Anda di halaman 1dari 2

Nama : Achmad Dani Alfarizi

NIM : 0509128227033
Agronomi Indralaya

Kesehatan Mental Selama Pandemi Covid-19

Coronavirus disease 2019 atau yang sering disingkat COVID-19 merupakan virus yang telah
menyebabkan wabah di beberapa Negara di seluruh dunia, tak terkecuali Indonesia. Berdasarkan data
statistik COVID-19 Indonesia, menunjukkan grafik peningkatan kasus yang terus melonjak di beberapa
bulan terakhir. Pada 30 Juni 2021, kasus terkonfirmasi COVID-19 di Indonesia mencapai 2,18 juta,
dimana 58,891 orang diantaranya meninggal dunia. Hal ini tentu saja menimbulkan kekhawatiran di
kalangan masyarakat karena kasus COVID-19 merebak semakin cepat seperti tak terkendali.
Kekhawatiran tersebut jika terus dibiarkan akan menjadi lebih serius dan berdampak buruk bagi
kesehatan, lama-kelamaan tentunya akan mempengaruhi kesehatan mental setiap orang. Berbagai
permasalahan yang terjadi karena COVID-19 ini dinilai menjadi sumber stress baru untuk masyarakat.
Gangguan kesehatan mental yang kerap terjadi di masa pandemi COVID-19 ini mulai dari yang ringan
sampai yang berat, yakni seperti cemas berlebihan, stress, hingga depresi (Dr. Dr. Fidiansjah, Sp.KJ.,
2020).

Berbagai kondisi yang terjadi selama pandemi COVID-19 memberikan banyak efek psikologis kepada
masyarakat. Hal ini dikarenakan pandemi COVID-19 menjadi stressor yang berat. Salah satu efek
psikologis yang sering terjadi di masa pandemi COVID-19 adalah kecemasan. Kecemasan adalah kondisi
umum dari ketakutan atau perasaan tidak nyaman. Kecemasan ditandai dengan berbagai gejala, yang
mencakup gejala fisik, perilaku dan kognitif. Tingkat kecemasan setiap orang dapat berbeda-beda
tergantung pada faktor-faktor yang mempengaruhinya. Berbagai faktor termasuk faktor demografi dapat
mempengaruhi kecemasan mengenai pandemi. Selain itu kecemasan mengenai resiko terpapar COVID-19
juga mempengaruhi tingkat kecemasan individu. Apalagi di kondisi seperti ini dimana kasus COVID-19
semakin meningkat dan menyebabkan masyarakat semakin was-was dan khawatir serta meningkatkan
kecemasan (Rinaldi dan Yuniasanti, 2020).

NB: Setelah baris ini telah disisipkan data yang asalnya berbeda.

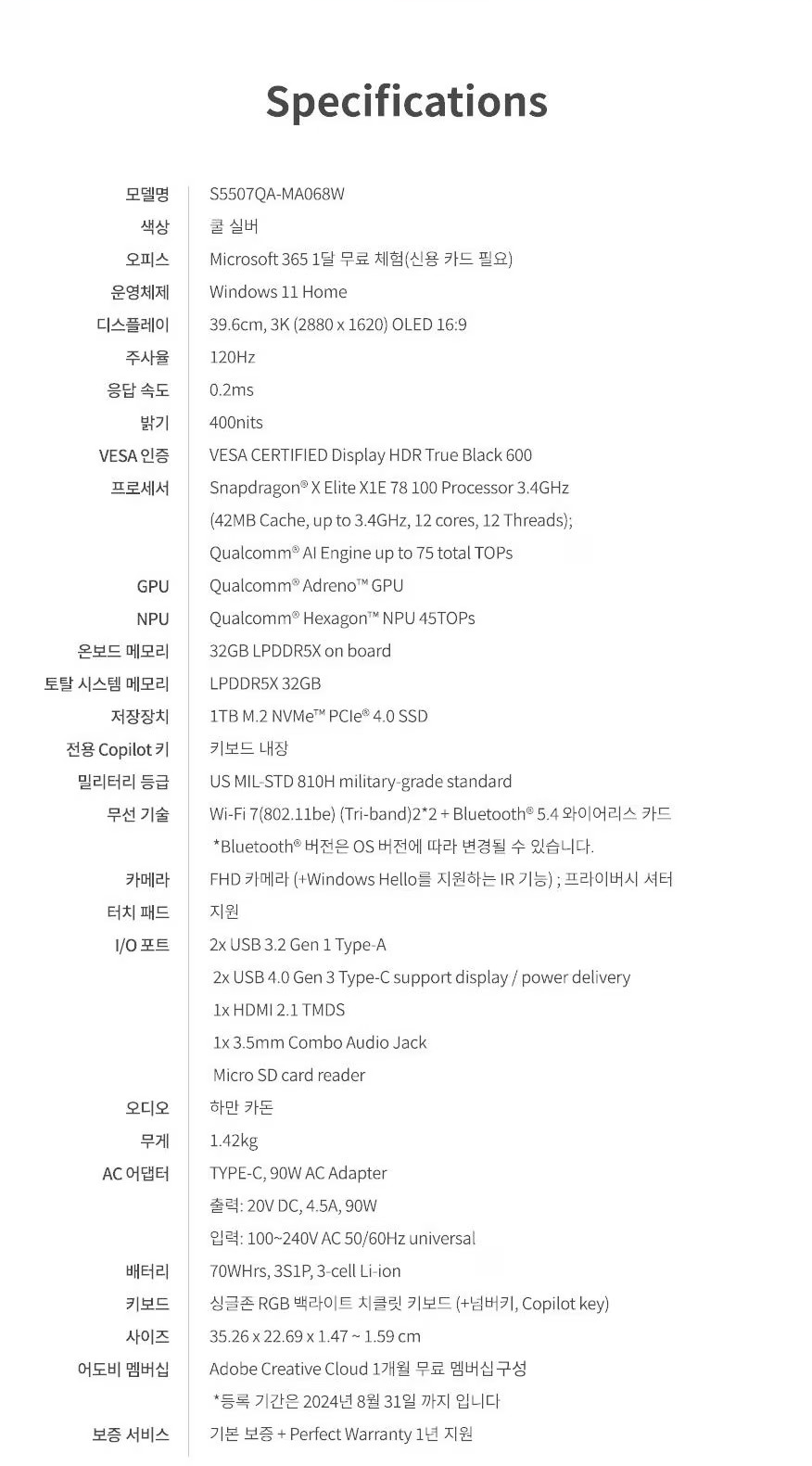 HOME > 외산브랜드 > ASUS > ASUS 비보북 S 15 S5507QA-MA068W (SSD 1TB)
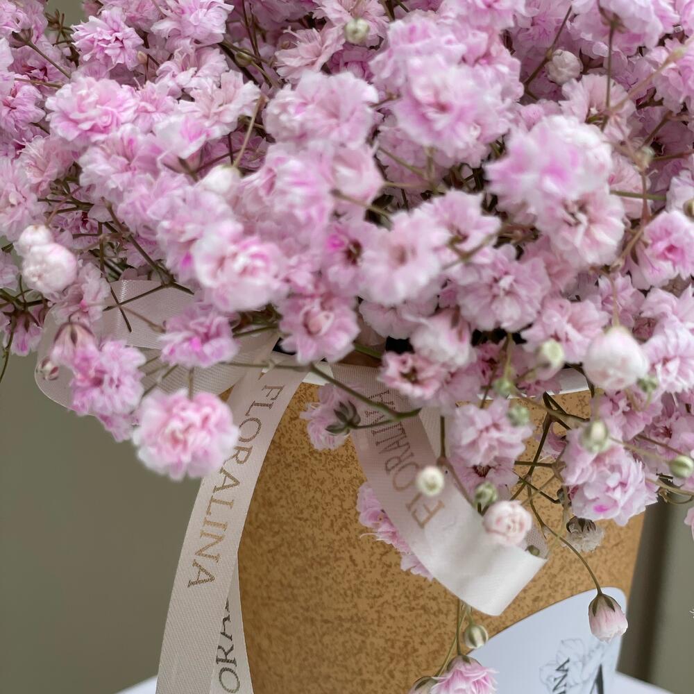 “Сиреневый туман” – композиция из гипсофилы в шляпной коробке
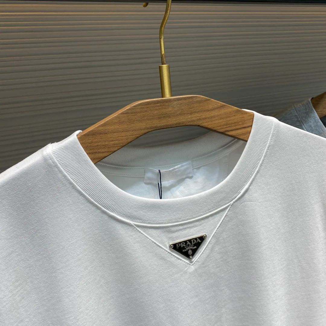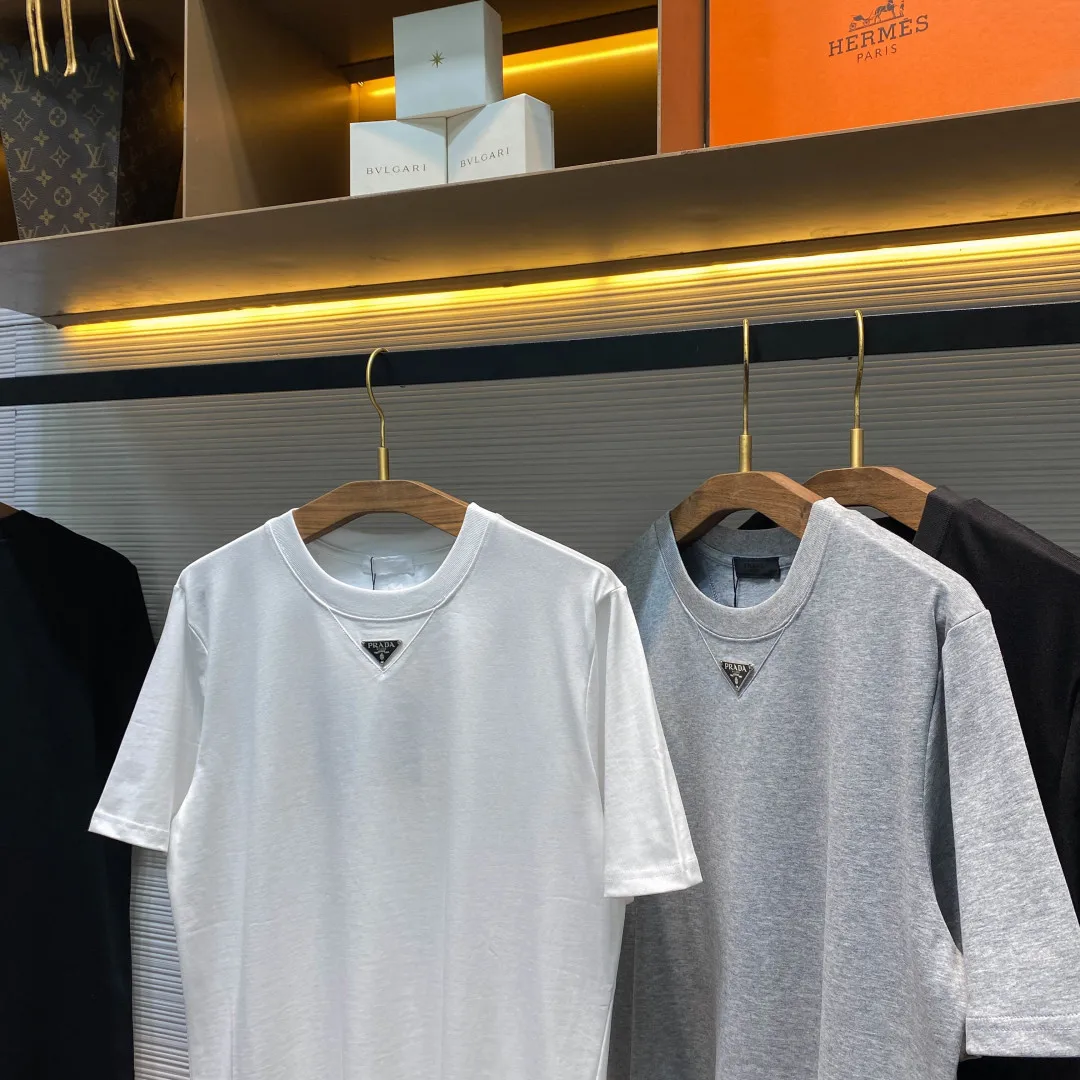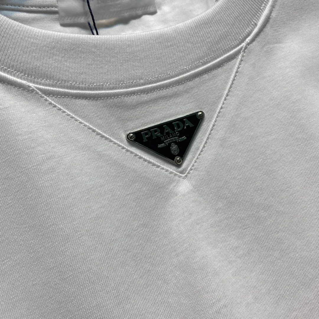 PRA26SS春夏新款平纹针织棉布基础圆领短Tee 男女同款领口下方金属三角标徽章休闲短袖T恤衫 男生体重130斤以内选择S码 130-143斤选择M码 143-156斤选择L码 156-170斤选择XL码 170-185斤选择XXL码

WHO mencanangkan visi dari rencana aksi kesehatan mental 2013–2020 untuk dunia yaitu dimana
kesehatan mental harus lebih dihargai, dipromosikan dan dilindungi. Diharapkan gangguan mental dapat
dicegah dan orang yang terkena gangguan ini mendapatkan berbagai hak asasi manusia dan akses kualitas
tinggi, kesehatan sesuai budaya dan pelayanan sosial pada waktu yang tepat untuk mendorong pemulihan,
yang memungkinkan untuk mencapai kesehatan pada level tertinggi dan berpartisipasi sepenuhnya dalam
masyarakat dan di tempat kerja, bebas dari stigmatisasi dan diskriminasi (WHO,2013).

Upaya kesehatan mental di Indonesia dapat diartikan sebagai kegiatan untuk mewujudkan derajat
kesehatan mental yang optimal bagi setiap individu, keluarga dan masyarakat dengan pendekatan
promotif, preventif, kuratif, dan rehabilitatif yang diselenggarakan secara menyeluruh, terpadu dan
berkesinambungan oleh pemerintah, pemerintah daerah, dan/atau masyarakat (UU, 2014).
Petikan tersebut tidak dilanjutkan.